Summary

Humans occupy a variety of social roles - familial, professional or civic. Our objective is to probe into ethical implications of what happens when people exercise their agency, and live their lives, in and through roles.  Some philosophers have seen the ethical significance of roles in their particularism: what we ought to do is determined by the specific roles we enact, rather than by universal moral norms. Recently, "roles" have also been entertained as potentially sui generis sources of moral normativity, alongside more established notions such as "virtues" and "duties". We intervene in these debates, but also develop new directions of research that help establish "role" as a pivotal concept in normative ethics. In particular, we explore "role" not only in the context of moral theories, but also as a starting point for accounts of a life lived well. 

Methodologically, the project is unique in combining the research in contemporary ethics with the study of ancient philosophical texts from two different traditions: Greco-Roman and Chinese. The notion of "role" was central and explicit in Stoic and Confucian ethics, but the idea that what is good is rooted in one's roles, from specific political offices up to the role of being a human, was pervasive in ancient thought broadly considered.  We believe that an exploration of the elements of role-ethics in ancient philosophy can stimulate contemporary ethical research in a manner comparable to the modern discovery of the ancient notion of "virtue" and the subsequent development of virtue-ethics. 

What is a "role"? It could be a kind of "practical identity", as Christine Korsgaard puts it: a facet or a layer of who we are, which grounds our values and governs our action. But "role" in an important sense is not our identity. "Roles" are our personae, something that that we play, similarly to actors, rather than something that we are; they are other to us.  If "roles" have this ambivalent relationship to identity, what does this imply for the account of human agency? 

Causation plays a fundamental role in morality. It’s widely accepted that in order to bear moral responsibility for something you must also be causally connected to it.  So what if we’re not causally responsible for the roles we inhabit? Do we have filial obligations given that we do not cause the child/parent relationship to come into existence? Conversely, is being the author of a causal connection sufficient to create special moral obligations? Do those who cause children to exist thereby incur an obligation that they are adequately cared for? 


Roles, Identity and Agency

Roles and Morality

Consequentialism, deontology and the virtue ethics are the main strands in the contemporary moral theory. Is it appropriate, in this sense, to talk about a "role ethics" as an alternative form of morality? Or perhaps, rather, is "role" a more fundamental notion than both "duty" and "virtue", in the sense that all duties and virtues are relative to specific roles? Does, for instance, the wisdom of mothers (if there is such thing) belong to the same genus as the wisdom of rulers?

Ancient philosophers, both Greco-Roman and Chinese, have much to offer for the reflection on the relationship among role, virtue and duty as different but potentially interrelated sources of ethical normativity. One question recurrent in ancient texts is whether specific social role we occupy constrain the specific virtues we may have; for instance, as a craftsman in Plato's ideal city, you can become temperate but not wise.
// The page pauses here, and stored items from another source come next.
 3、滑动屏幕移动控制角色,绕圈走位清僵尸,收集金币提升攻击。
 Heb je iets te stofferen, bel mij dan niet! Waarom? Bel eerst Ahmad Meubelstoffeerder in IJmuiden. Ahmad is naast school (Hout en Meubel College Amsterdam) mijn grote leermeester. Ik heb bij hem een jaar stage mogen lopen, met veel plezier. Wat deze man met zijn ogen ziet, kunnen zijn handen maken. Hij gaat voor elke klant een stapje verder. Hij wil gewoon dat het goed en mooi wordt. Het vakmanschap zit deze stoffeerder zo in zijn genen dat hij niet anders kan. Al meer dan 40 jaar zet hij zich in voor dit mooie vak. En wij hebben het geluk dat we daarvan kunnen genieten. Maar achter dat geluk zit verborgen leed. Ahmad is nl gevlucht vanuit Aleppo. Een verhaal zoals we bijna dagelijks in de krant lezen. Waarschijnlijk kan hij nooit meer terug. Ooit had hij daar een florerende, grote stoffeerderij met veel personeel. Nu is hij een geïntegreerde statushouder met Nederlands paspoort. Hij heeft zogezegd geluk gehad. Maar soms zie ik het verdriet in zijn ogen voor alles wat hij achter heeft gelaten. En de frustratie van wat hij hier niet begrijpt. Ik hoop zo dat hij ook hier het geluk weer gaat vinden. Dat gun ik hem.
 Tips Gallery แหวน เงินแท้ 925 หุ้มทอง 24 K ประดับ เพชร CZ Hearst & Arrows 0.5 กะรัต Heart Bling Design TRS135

More positively, social role in ancient philosophy functions as a conceptual platform that integrates virtue and duty, instead of regarding them as competing moral notions: virtue is an excellence in grasping and fulfilling obligations that we have on account of occupying certain social roles.    
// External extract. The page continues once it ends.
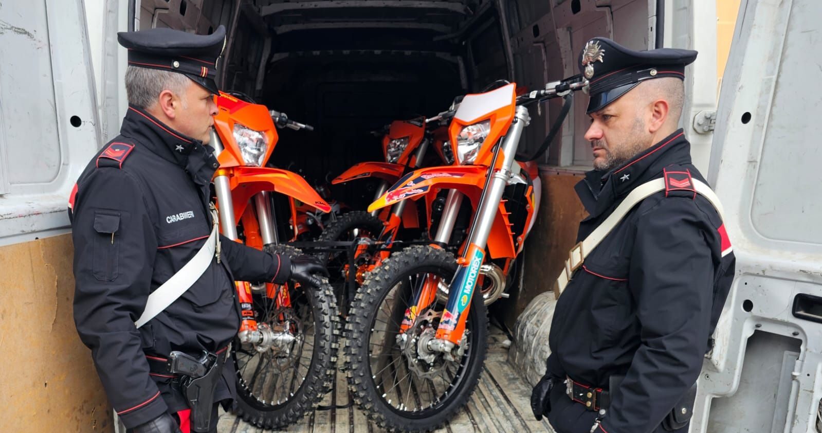 L’intervento è scattato grazie a una segnalazione al 112, che ha allertato immediatamente le pattuglie in servizio. Gli autori del furto, dopo aver forzato il cancello e la porta d’ingresso, hanno caricato i motocicli su un furgone e si sono dati alla fuga.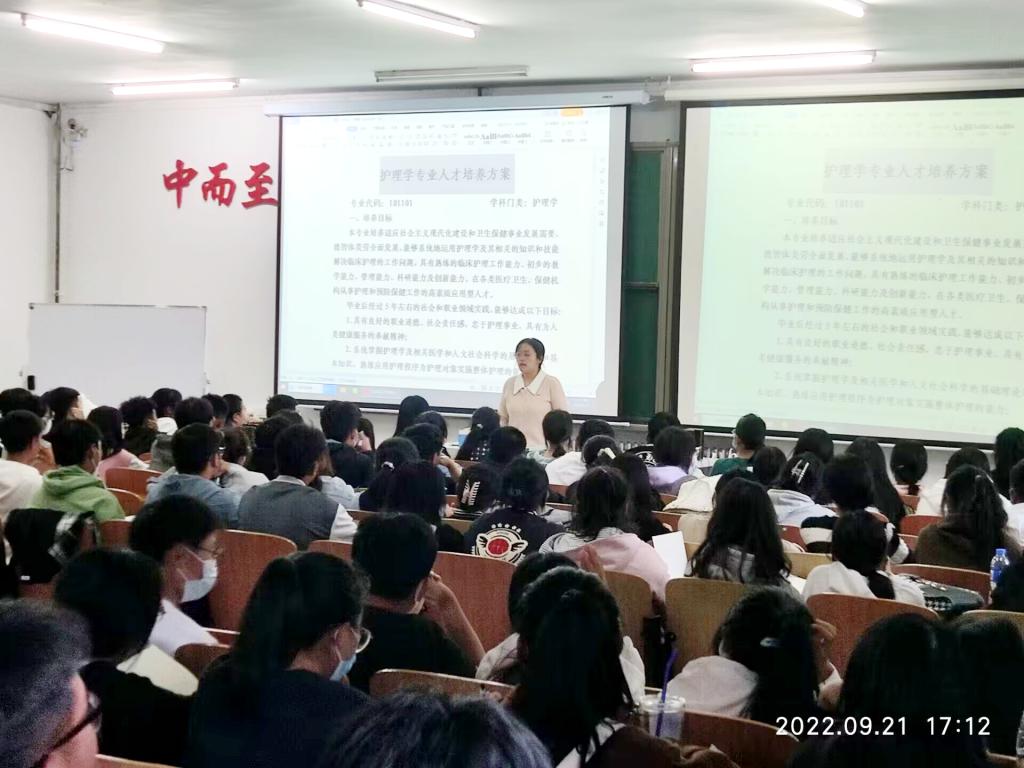 9月21日晚,护理学专业在一号教学区1101教室组织开展职业前瞻“专业再认识”讲座。2022级全体学生参加,专业长张林琳主持。 学生前期通过新生入学教育、军事训练等活动已对该专业有所了解,本次讲座随机抽取学生以“...

In the contemporary discourse, the normativity of "roles" has been typically discussed in the context of theories of morality, or of what is right. But in the ancient context, or so we argue, enacting "roles" was also a part of what is "good" for the agent, in the sense of being conducive to living a good or happy life. This presupposes that roles are not only sources of do's and don'ts, but also structured frameworks that channel and maximize our agency, or life-projects that can make our life good by conferring upon it consistency and internal coherence. 
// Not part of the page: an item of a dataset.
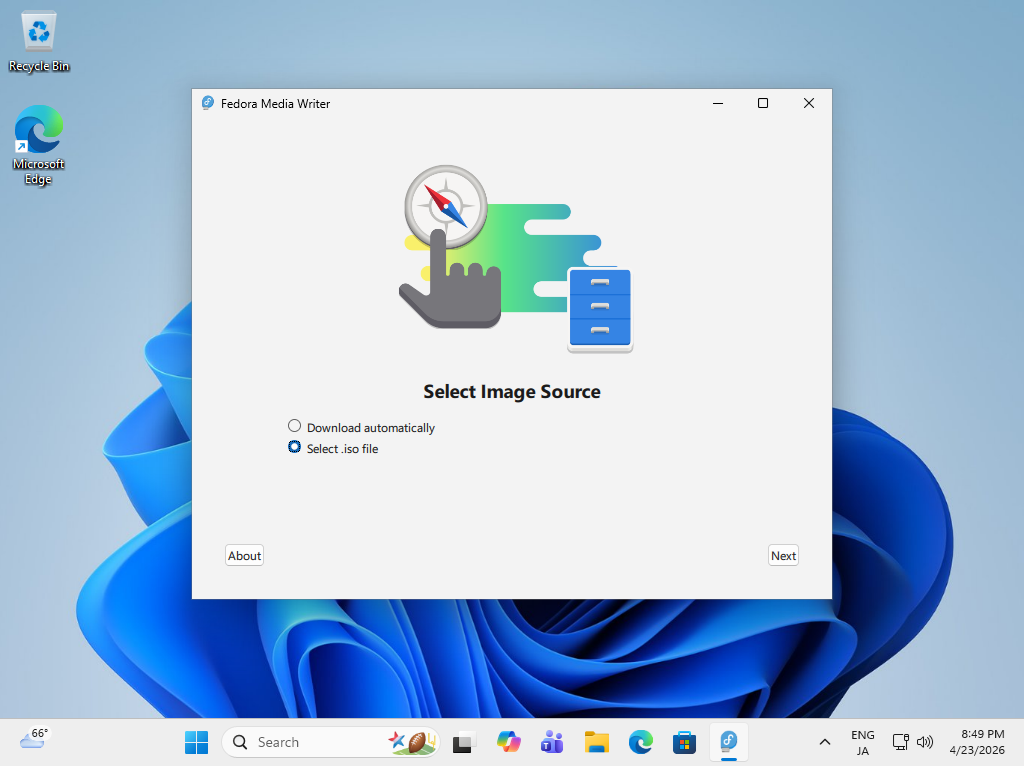 Download and install [Fedora Media Writer] from the following site. |

Eudaemonism has become well-established among modern philosophical theories of well-being. Inspired by ancient eudaemonism, it has conceived well-being as a flourishing, a good conduct of life as a whole. In most contemporary accounts (LeBar, Russell), this good conduct is defined in terms of virtuous agency, where virtue is understood as the human perfection. But would there be a scope for a role-centered eudaemonism, which understands the flourishing not so much in terms of accomplishing the project of becoming a good human but, rather, and perhaps less ambitiously, in terms of succeeding in a limited number of key life projects, as defined by one's specific social roles?